• Task to complete
Please keep the pictures out and write out exactly the lines from the first in the data below through the one containing "中餐:西红柿炖牛腩、外婆菜炒鸡蛋、双花肉片、香菇小青菜、美味老鸭汤、米饭", both included.

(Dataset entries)
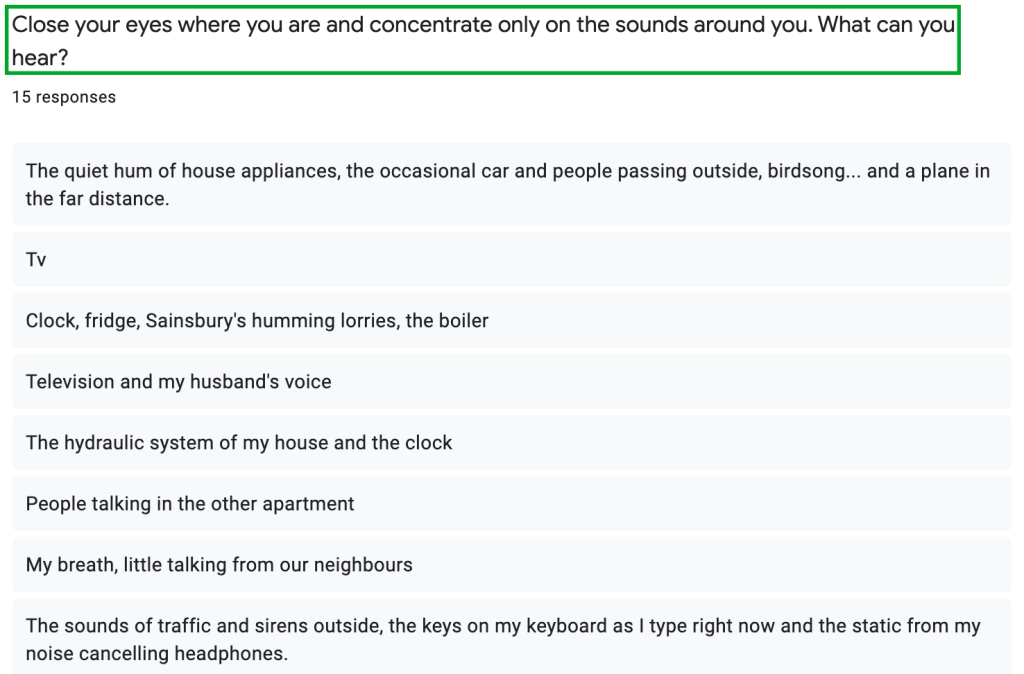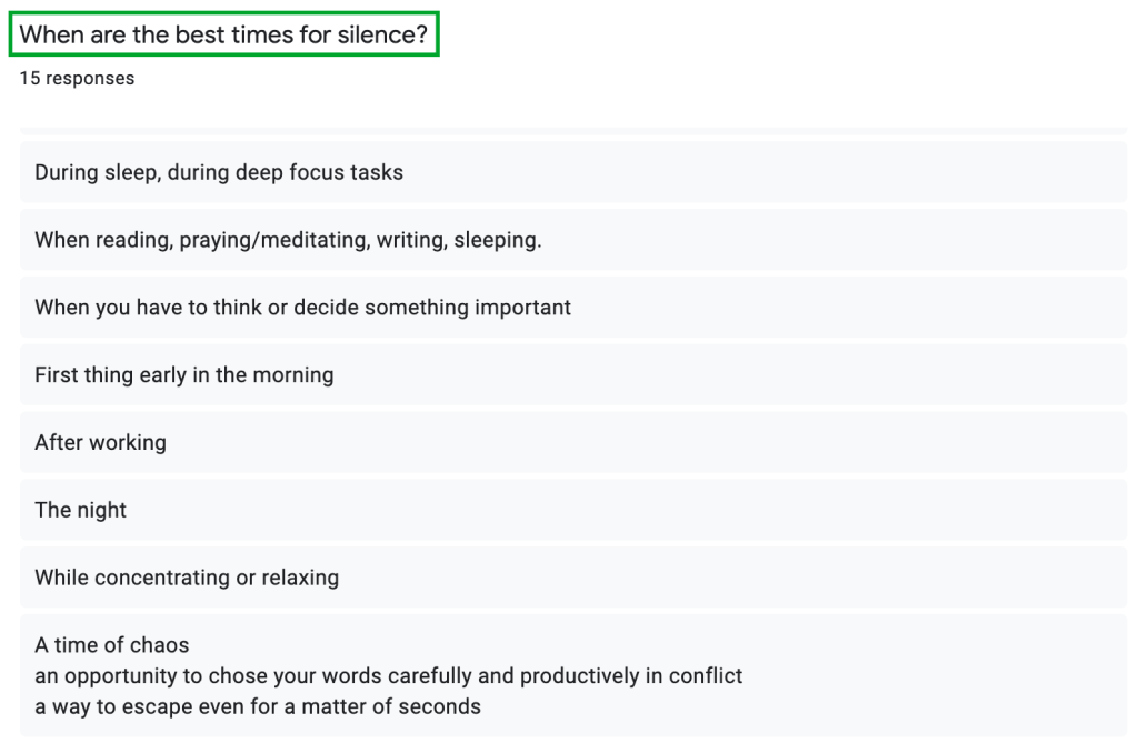 As a part of this manifesto, I wanted to understand what other people thought about silence. To do this, I created an online survey with multiple questions and a test (which involved staying in silence for 5 minutes).
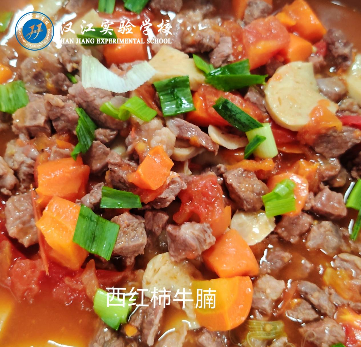 中餐:西红柿炖牛腩、外婆菜炒鸡蛋、双花肉片、香菇小青菜、美味老鸭汤、米饭
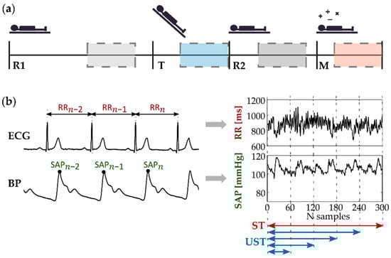 (a) Schematic illustration of the experimental protocol, including baseline resting (R1), orthostatic stress (T), second resting (R2) and mental stress (M). Dashed boxes indicate the windows taken into account with regard to short-term (ST, 300 points) analysis. (b) Representative RR and SAP time series, extracted respectively from ECG and BP recordings, which have been investigated through univariate analysis performed after ST (red arrow) and ultra-short-term (UST, 240 to 60 points, blue arrows) time window segmentation.
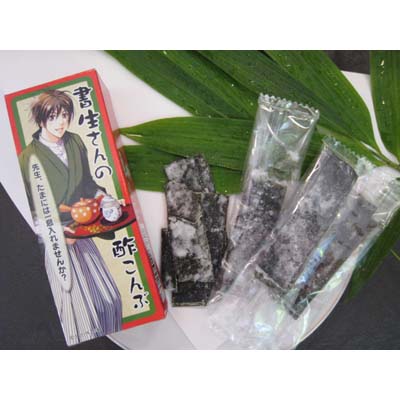 今度は変わったタイトルの小説のイラストを担当するんだなと、どこの出版社なのか調べようとしたら、製造所が書いてあり、よくよくみれば、「酢こんぶのパッケージ」と。
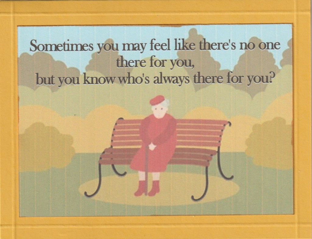 Hello and welcome. Oh yes, time again for DOS’s chuckle. Sentiment, “Sometimes you may feel like there’s no one there for you, but you know who’s always there for you? Laundry. Laundry will always be there for you.” was found online. For the image I Googled lonely old ladies clip art. To add a little interest, I scored all four edges. Very quick and simple. She loved it.
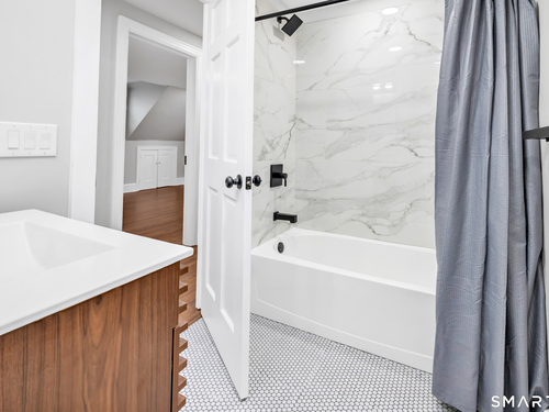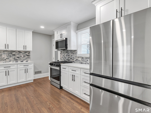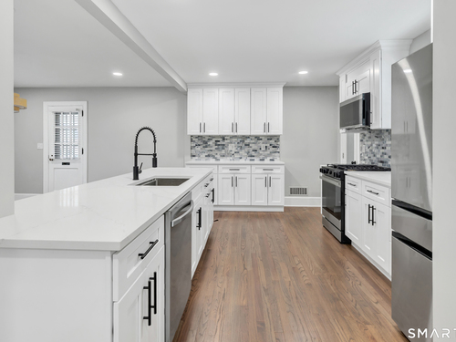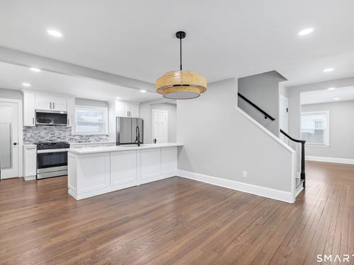 Welcome to this completely renovated three-bedroom, two-and-a-half-bathroom home in Norwalk, CT. This residence offers modern living in a move-in-ready condition from top to bottom. The main level features an open-concept layout connecting the living, dining, and kitchen areas. The kitchen is equipped with new stainless steel appliances, quartz countertops, and contemporary cabinetry. A convenient half-bathroom is also located on this floor. Upstairs, you will find three bedrooms, including a primary suite with a private, fully renovated bathroom. A second renovated full bathroom serves the additional bedrooms. The home includes newer systems, such as HVAC, plumbing, and electrical, for contemporary efficiency. Provides access to local parks, schools, shopping, and commuter routes, including Metro-North train stations for service to New York City.This is a turnkey property designed for comfortable, low-maintenance living.

• Answer
 As a part of this manifesto, I wanted to understand what other people thought about silence. To do this, I created an online survey with multiple questions and a test (which involved staying in silence for 5 minutes).
 中餐:西红柿炖牛腩、外婆菜炒鸡蛋、双花肉片、香菇小青菜、美味老鸭汤、米饭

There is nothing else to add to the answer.